I have a few questions about differential expression of miRNA with DESeq2/edgeR/limma.

Background

Mature miRNA differential expression analysis is usually performed by aligning trimmed miRNA reads against the genome or miRBase mature sequences with optimized parameters for aligners such as bwa aln -n 0, bowtie --best --strata, bowtie2 --very-sensitive-local or others such as miRDeep2. When aligned to the genome, one can use e.g. featureCounts with mature miRNA coordinates from miRBase to assign features and when aligned to miRase sequences directly one can use samtool idxstats. Established pipelines then use DESeq2, edgeR or limma to perform differential gene expression - treating each miRNA as a 'gene' i.e. the gene DE is essentially the same as transcript level DE.

In either case, we are really counting mature miRNA transcripts (they do not have the same splicing or isomer variants like other mRNA; miRNA can have isomiRs but usually are not relevant for bulk RNA-seq I believe - and most are simply 3' or 5' NTEs).

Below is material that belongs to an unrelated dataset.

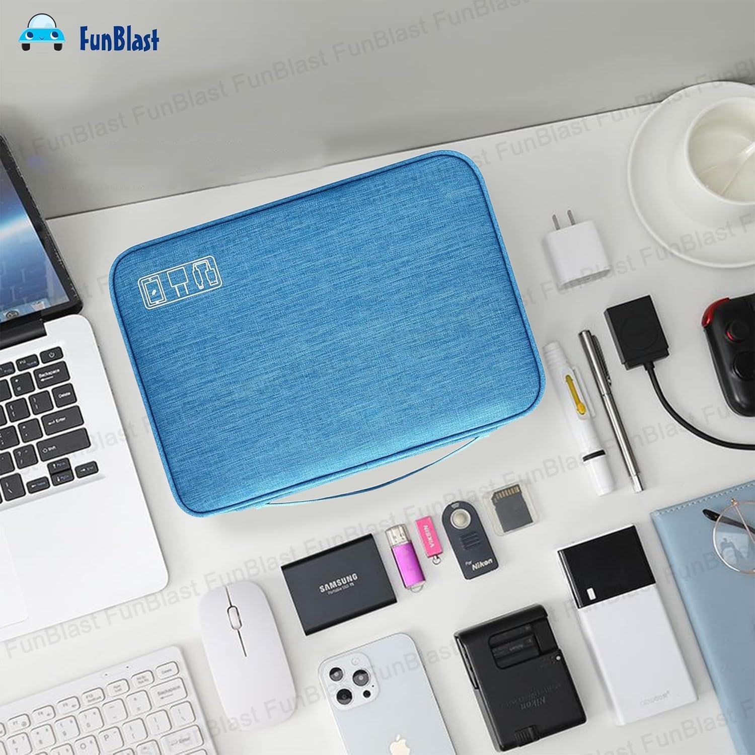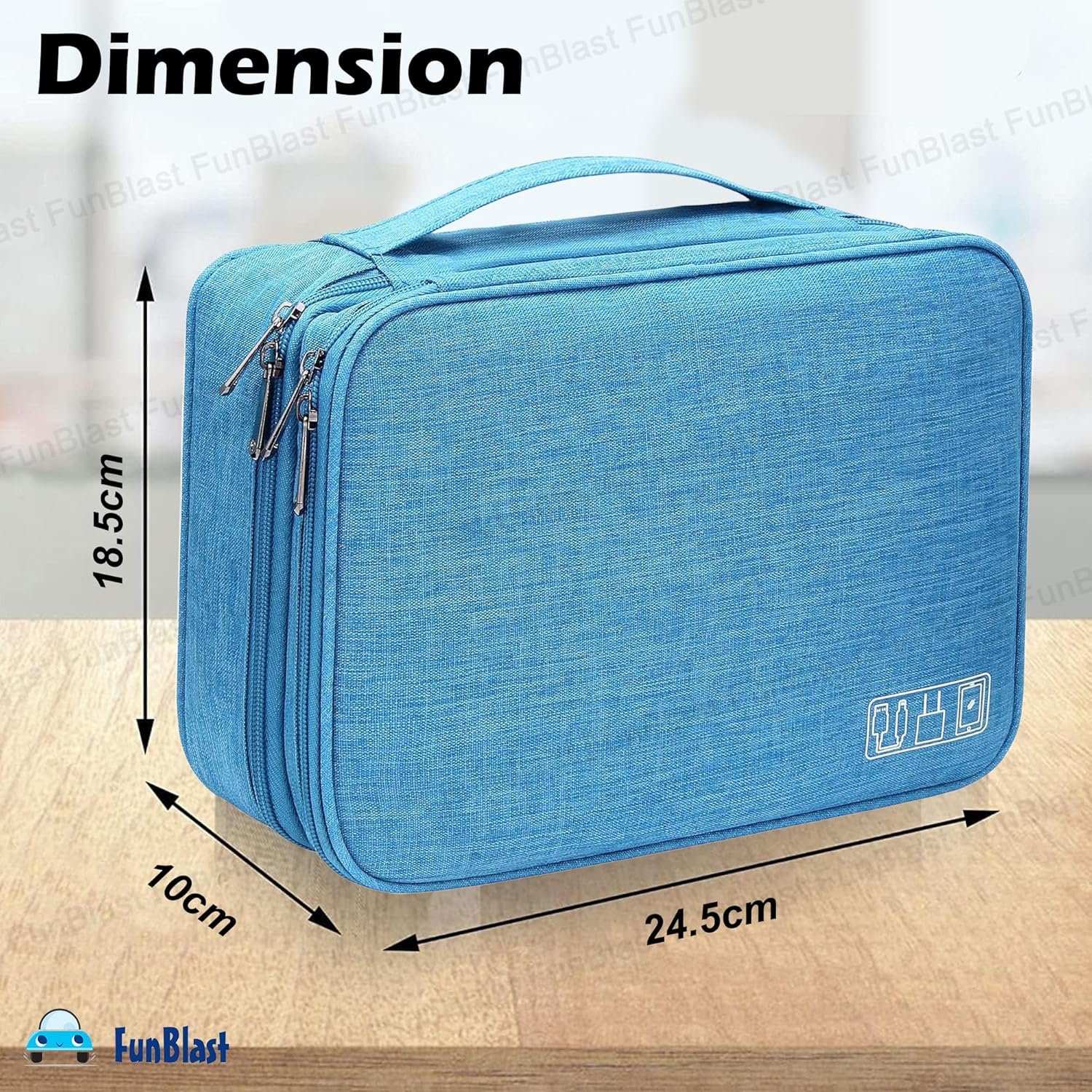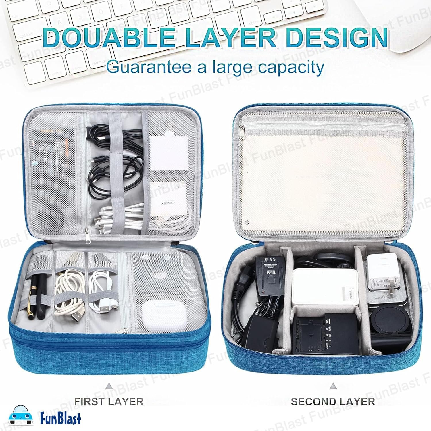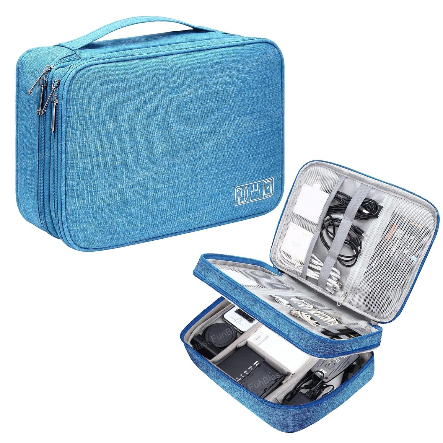 Content – 1 Pcs FunBlast Electronics Accessories Organizer Bag, Universal Carry Travel Gadget Bag, Double Layer Travel Cable Organizer Bag. Dimension: 24.5 X 18.5 X 10 CmDouble Layers & Organized -This travel electronics organizer bag is designed with two separate layers, multiple mesh pockets and various size of elastic bands providing great flexibility for organizing electronics accessories. Plenty of pockets suit for Cables, Cord, Chargers, Hard Drive, Flash Drive, SD Card, Phone. Keep all your gears easily found.Waterproof & Protected -This cable organizer bag is made of quality and durable cation fabric, the front pocket is made of PU leather & Oxford Polyester, water and scratch-resistant, Padded foam and elastic bands, protects electronics accessories from dust, shock, and moisture.DIY & Large Capacity – This travel cord organizer bag has 4 removable padded dividers to protect items inside from scratches, impact and accidental falling. You can design the layout as you wish to keep all your electronic travel accessories in perfect order.Convenient & Portable – The electronics travel organizer is perfect for Business, Traveling, School, Camping, Home. Its perfect size allows it to be easily put into your backpack and luggage. This cord organizer will be a perfect helper while you are on travel or business trip.

My dataset is small RNA sequencing, single ended, 51 bp - reads were trimmed and length filtered for 18 - 28 bp reads. For the purposes of this question, I have mapped the reads with Salmon (assume this is 'valid').

Query

When using DESeq2 or edgeR or limma and tximport with Salmon output for miRNA mapping, is it thus OK to use tximport with txOut = TRUE? Wouldn't this be similar to established pipelines which DESeq2, edgeR or limma to perform differential gene expression - treating each mature miRNA as a 'gene'? OR would Swish be a better method to use the boostraps/Gibbs?

Also, would catchSalmon in edgeR using boostraps/Gibb or tximport with txOut = TRUE be the more appropriate method?

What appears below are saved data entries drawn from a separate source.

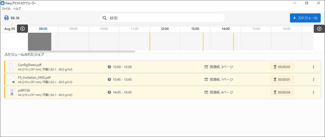 印刷時刻のスケジューリングが可能です。予定されている印刷ジョブを一覧で確認できるため、マシンが空いている時刻に他のジョブを印刷するなど、効率よく印刷を進めることができます。
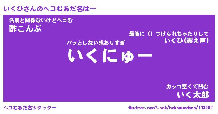 | 意味不明あだ名 | 『ペロリンいくひ』『いくひフォーエバー』 |
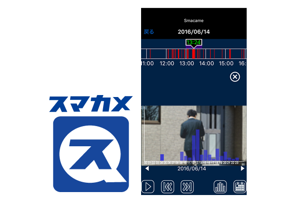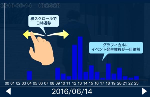今まで動体検知で自動録画された沢山のデータの中から、目当ての映像を探すのは非常に困難でした。今回発表する新機能『スマートプレイバック』は、イベント録画の発生頻度がひと目でわかるグラフィカルチャートや、映像を連続して確認できるスキップ・スキップ戻し機能など、映像をかんたんに検索するための様々な工夫が施されています。
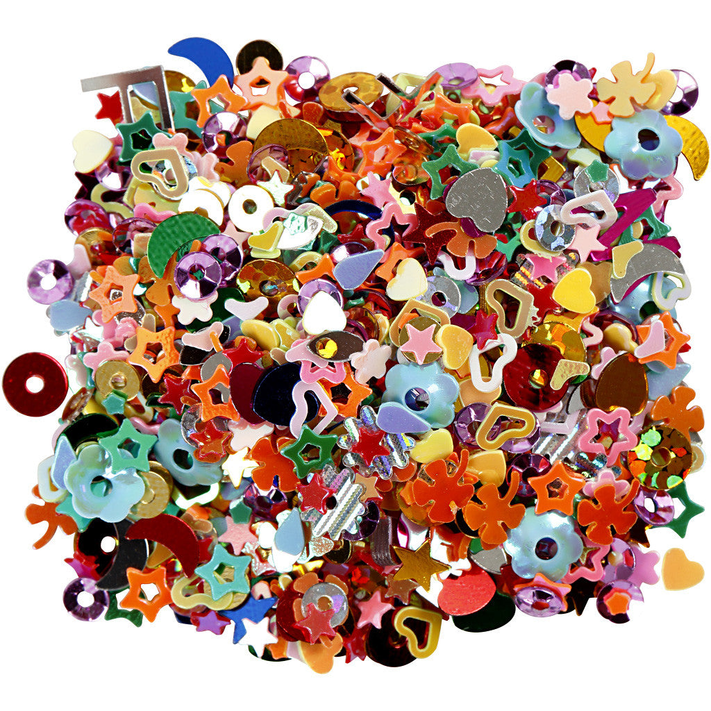 Mix di lustrini piccoli di varie forme e colori brillanti. In contenitore con tappo a saliera
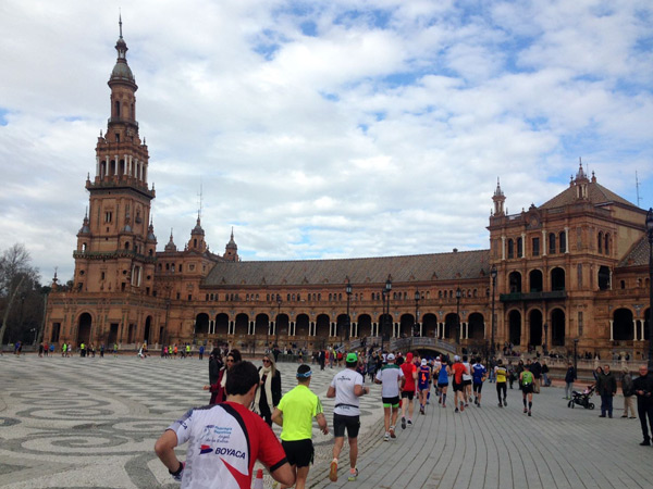 It really was flat. There was a minor incline out of an underpass, and a very gentle slope around 10 miles. The more you’re at your limit (as I was), the more you notice these things. But it is definitely a flat course (Seville course map).
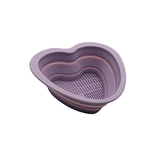 Silikon hjärtform vikbar sminkborste kosmetika bomull rengöringsplatta makeup verktyg rengöringstablett skönhetsverktyg svamp puff makeup pensel eyeliner (ljus lila)
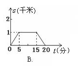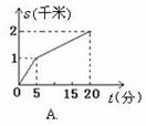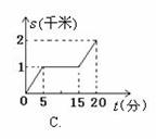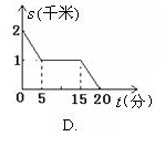10、(泉州市2006)小明所在学校离家距离为2千米,某天他放学后骑自行车回家,行驶了5分钟后,因故停留10分钟,继续骑了5分钟到家.下面哪一个图象能大致描述他回家过程中离家的距离
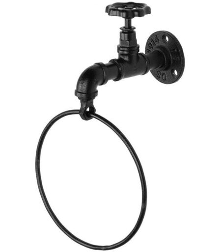 L'anneau porte-serviettes mural industriel en métal noir est parfait pour suspendre les essuie-mains et les serviettes dans la salle de bain ou la cuisine (Notez que ce produit n'inclut pas les serviettes) Peut également être utilisé pour accrocher des foulards et des bijoux La combinaison d'éléments industriels et ruraux crée des décorations uniques pour différentes couleurs Facile à installer sur la surface du mur avec le matériel approprié (le matériel d'installation n'est pas inclus) Taille approximative : 6,5 longueur x 4,7 largeur x 10,8 hauteur (pouces) conception spéciale La conception spéciale du robinet industriel empêche la serviette de toucher le mur. Ce porte-serviettes est facile à installer au mur. Il crée un espace supplémentaire pour suspendre vos essuie-mains et laisse suffisamment d'espace pour que les serviettes humides sèchent rapidement. Anneau porte-serviettes en métal noir design robinet industriel antique mural fort et robuste Le métal industriel noir est ...

The tximport docs say that it can and will import inferential replicates - does DESeq2 at all utilise these inferential replicates from tximport?

I have used R version 4.20, Bioconductor 3.15, tximport 1.24.0, DESeq2 1.36. I have not provided detailed code output or session information as my queries are more of theory questions rather than code-related.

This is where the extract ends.